How to extend a int32x2_t to a int32x4_t with NEON intrinsics on clang/AArch64 when you don't care about the new lanes?

Fellow ARMists,
I'd like to narrow and saturate 2 s32 to 2 s16 with NEON code, and pack them in a GPR. I need to conform to a certain API, so please don't discuss efficiency or design here :)
Here's the snippet:

int32x2_t stuff32 = ...;
int16x4_t stuff16 = vqmovn_s32(vcombine_s32(stuff32, stuff32));
return vget_lane_u32(stuff16, 0)

Which generates

mov    v0.d[1], v0.d[0] 
sqxtn  v0.4h, v0.4s 
fmov   w0, s0 
ret

Does somebody know a way to keep the type system happy, and have the second half of the d register uninitialized ? I'd like to avoid inline assembly.
Thank you !

Solution

I'm not aware of any good solution using general arm_neon.h intrinsics, but at least with Clang, it's possible, using Clang specific builtins, to produe a vector where some elements are set to be undefined, so the codegen doesn't need to fill them with any value in particular.
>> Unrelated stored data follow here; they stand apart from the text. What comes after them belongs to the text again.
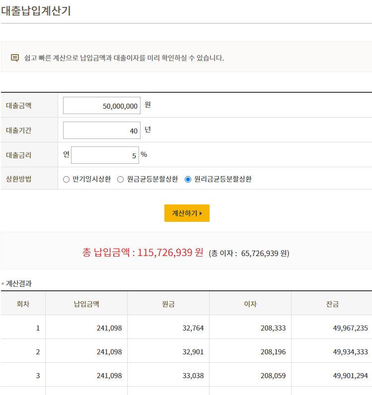 예를 들어, 5천만원을 연리 5%로 대출받아 40년간 갚는다고 가정하면,
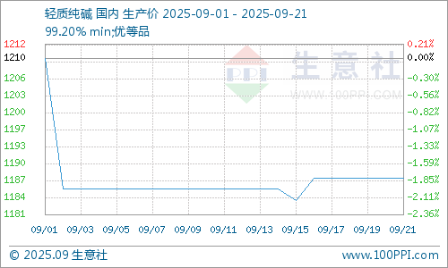 据生意社商品分析系统显示,9月21日轻质纯碱市场均价在1188元/吨,与9月15日价格1184元/吨相比上调4元/吨,涨幅0.34%。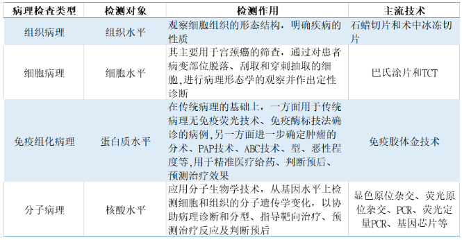 病理學(xué)根據發(fā)展階段的不同主要分為傳統病理技術(shù)(組織病理、細胞病理)、免疫組化病理和分子病理。傳統的組織病理建立在組織、細胞的水平上,可以通過(guò)病理醫師的顯微鏡診斷來(lái)判斷疾病的性質(zhì)(炎癥性病變還是腫瘤型病變、良性腫瘤還是惡性腫瘤等);免疫組化病理建立在蛋白質(zhì)水平上,可以進(jìn)一步判斷腫瘤的組織來(lái)源、原發(fā)部位、病理分型、殘留邊緣癌細胞等,除了診斷作用以外還具有指導預后的作用;分子病理建立在核酸分子水平上,可以確定腫瘤的基因突變類(lèi)型,用于后續靶向藥物的指導以實(shí)現精準醫療。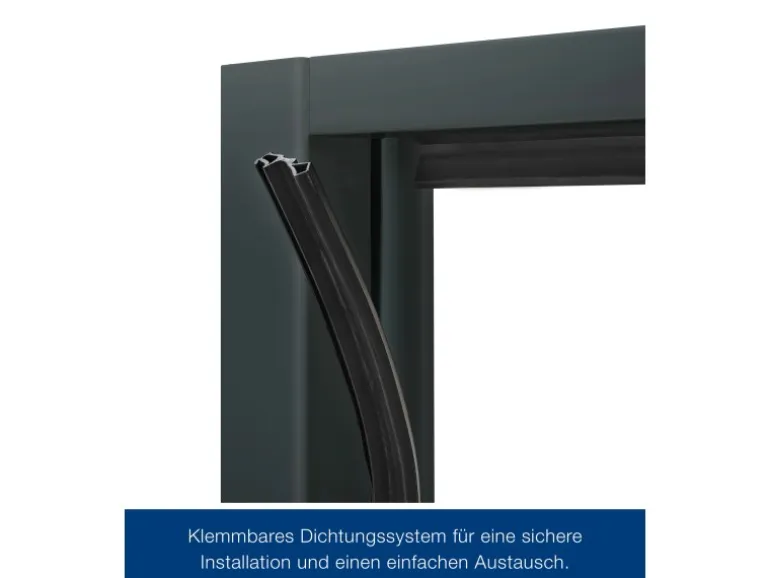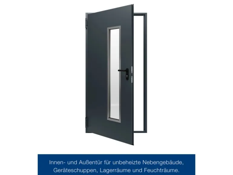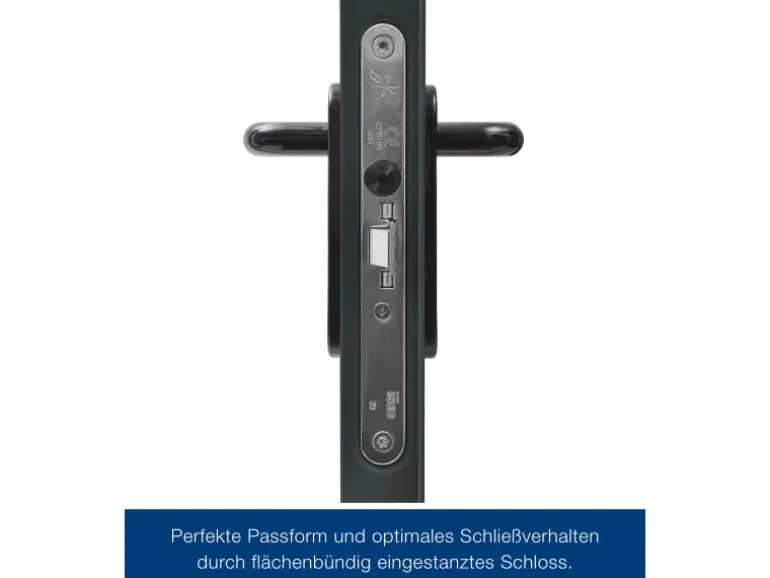 Serienmäßig ist der Verglasungsrahmen aus Alu-Naturton mit Glashalteleisten auf der Schließseite montiert. Optional, z. B. bei nach innen öffnenden Türen, ist der Verglasungsrahmen auch mit Glashalteleisten auf der Öffnungsseite erhältlich.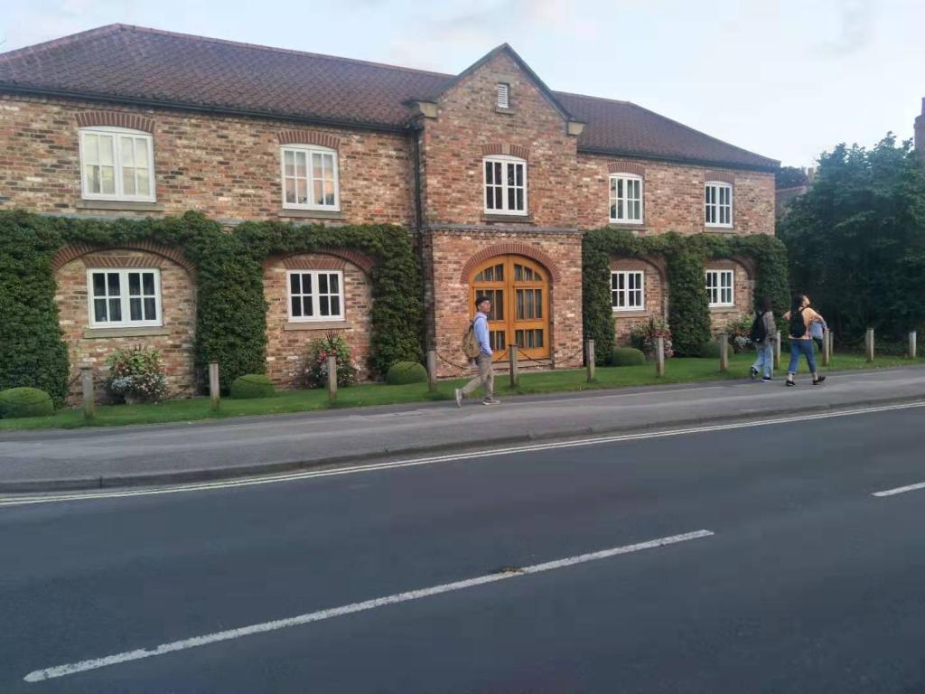 初到约克,我就被马路两旁的大片的草地和麦田所震撼了,草地上还有很多马群和羊群,它们安详地在低头吃草,仿佛没有看到我们一般。约克大学里面的一栋栋漂亮精致的民居也让我们赞叹不已,红色的砖墙上爬满了青绿色的藤蔓,白色的门前摆放着各种植物,整个街道安静又整洁。

A setup that uses that would look like this:

$ cat test.c
#include <arm_neon.h>

int32_t narrow_saturate(int32x2_t stuff32) {
  int16x4_t stuff16 = vqmovn_s32(__builtin_shufflevector(stuff32, stuff32, 0, 1, -1, -1));
  return vget_lane_s32(vreinterpret_s32_s16(stuff16), 0);     
}

$ clang -target aarch64-linux-gnu test.c -S -o - -O2
[...]
narrow_saturate:
        sqxtn   v0.4h, v0.4s
        fmov    w0, s0
        ret

https://godbolt.org/z/N_NsSE

See https://clang.llvm.org/docs/LanguageExtensions.html#builtin-shufflevector for documentation on __builtin_shufflevector.

EDIT: It also seems to be possible to achieve the same with Clang by using an uninitialized variable (although that can generate warnings with `-Wuninitialized):

$ cat test.c
#include <arm_neon.h>

int32_t narrow_saturate(int32x2_t stuff32) {
  int32x2_t uninitialized;
  int16x4_t stuff16 = vqmovn_s32(vcombine_s32(stuff32, uninitialized));
  return vget_lane_s32(vreinterpret_s32_s16(stuff16), 0);
}

Clang produces the same as above for this (https://godbolt.org/z/TzHuon), while GCC still includes a mov v0.8b, v0.8b (https://godbolt.org/z/wZTAU9).